* What the exercise asks *
Only the pictures should be left out; write out all other data exactly.

* Source material *
* * * * * * * * *
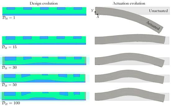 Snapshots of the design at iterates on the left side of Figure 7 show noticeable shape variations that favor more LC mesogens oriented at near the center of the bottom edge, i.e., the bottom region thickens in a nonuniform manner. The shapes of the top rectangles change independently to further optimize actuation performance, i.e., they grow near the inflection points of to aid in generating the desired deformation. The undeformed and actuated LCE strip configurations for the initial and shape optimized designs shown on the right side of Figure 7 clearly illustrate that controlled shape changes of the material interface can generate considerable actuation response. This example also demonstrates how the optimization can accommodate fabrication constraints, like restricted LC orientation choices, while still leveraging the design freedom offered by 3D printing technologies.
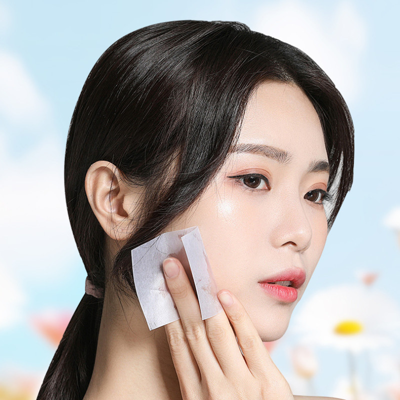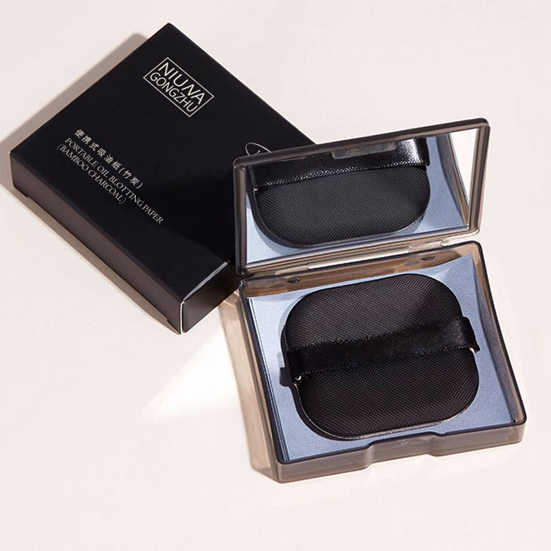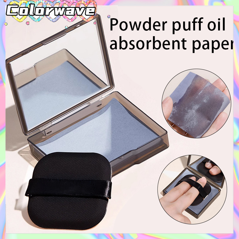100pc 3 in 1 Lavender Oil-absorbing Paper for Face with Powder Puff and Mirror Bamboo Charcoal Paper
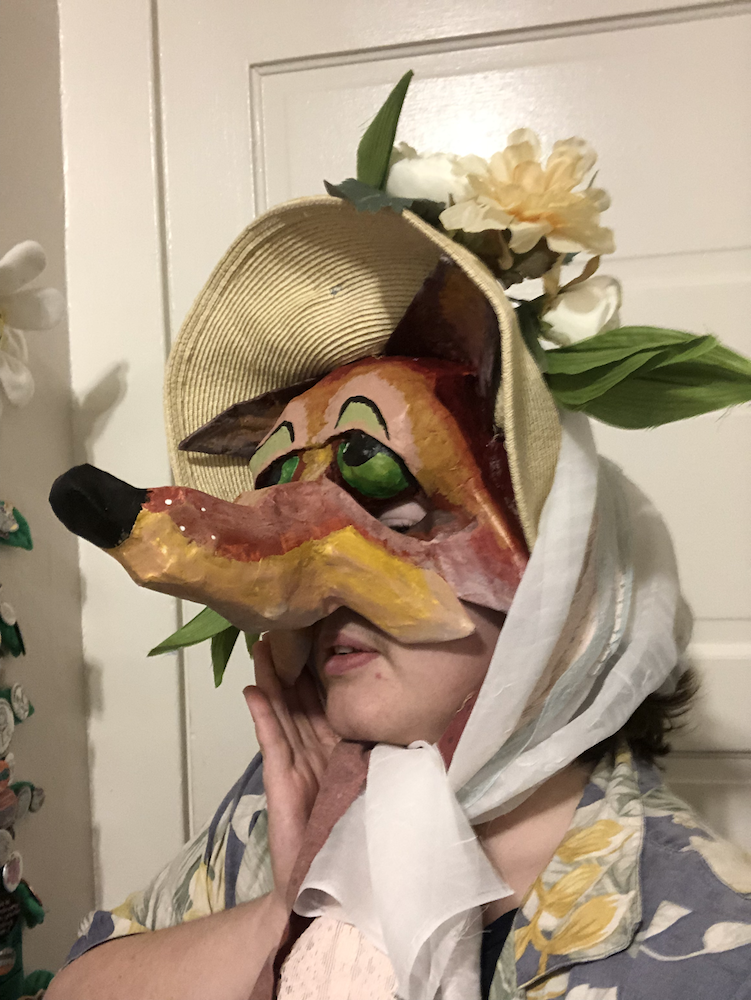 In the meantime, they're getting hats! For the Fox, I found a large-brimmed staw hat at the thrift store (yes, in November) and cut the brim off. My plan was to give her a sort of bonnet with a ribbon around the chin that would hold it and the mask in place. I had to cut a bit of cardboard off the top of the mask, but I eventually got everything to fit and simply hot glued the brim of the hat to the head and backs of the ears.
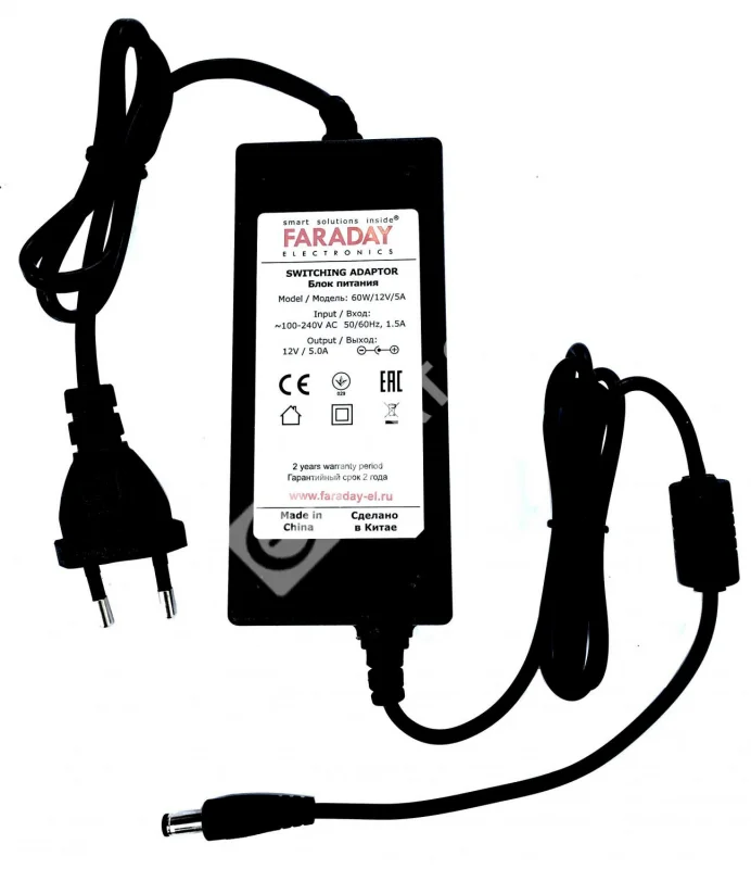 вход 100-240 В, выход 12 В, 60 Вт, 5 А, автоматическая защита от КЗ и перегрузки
* * * * * * * * *
* Result of this task *
 Snapshots of the design at iterates on the left side of Figure 7 show noticeable shape variations that favor more LC mesogens oriented at near the center of the bottom edge, i.e., the bottom region thickens in a nonuniform manner. The shapes of the top rectangles change independently to further optimize actuation performance, i.e., they grow near the inflection points of to aid in generating the desired deformation. The undeformed and actuated LCE strip configurations for the initial and shape optimized designs shown on the right side of Figure 7 clearly illustrate that controlled shape changes of the material interface can generate considerable actuation response. This example also demonstrates how the optimization can accommodate fabrication constraints, like restricted LC orientation choices, while still leveraging the design freedom offered by 3D printing technologies.
100pc 3 in 1 Lavender Oil-absorbing Paper for Face with Powder Puff and Mirror Bamboo Charcoal Paper
 In the meantime, they're getting hats! For the Fox, I found a large-brimmed staw hat at the thrift store (yes, in November) and cut the brim off. My plan was to give her a sort of bonnet with a ribbon around the chin that would hold it and the mask in place. I had to cut a bit of cardboard off the top of the mask, but I eventually got everything to fit and simply hot glued the brim of the hat to the head and backs of the ears.
 вход 100-240 В, выход 12 В, 60 Вт, 5 А, автоматическая защита от КЗ и перегрузки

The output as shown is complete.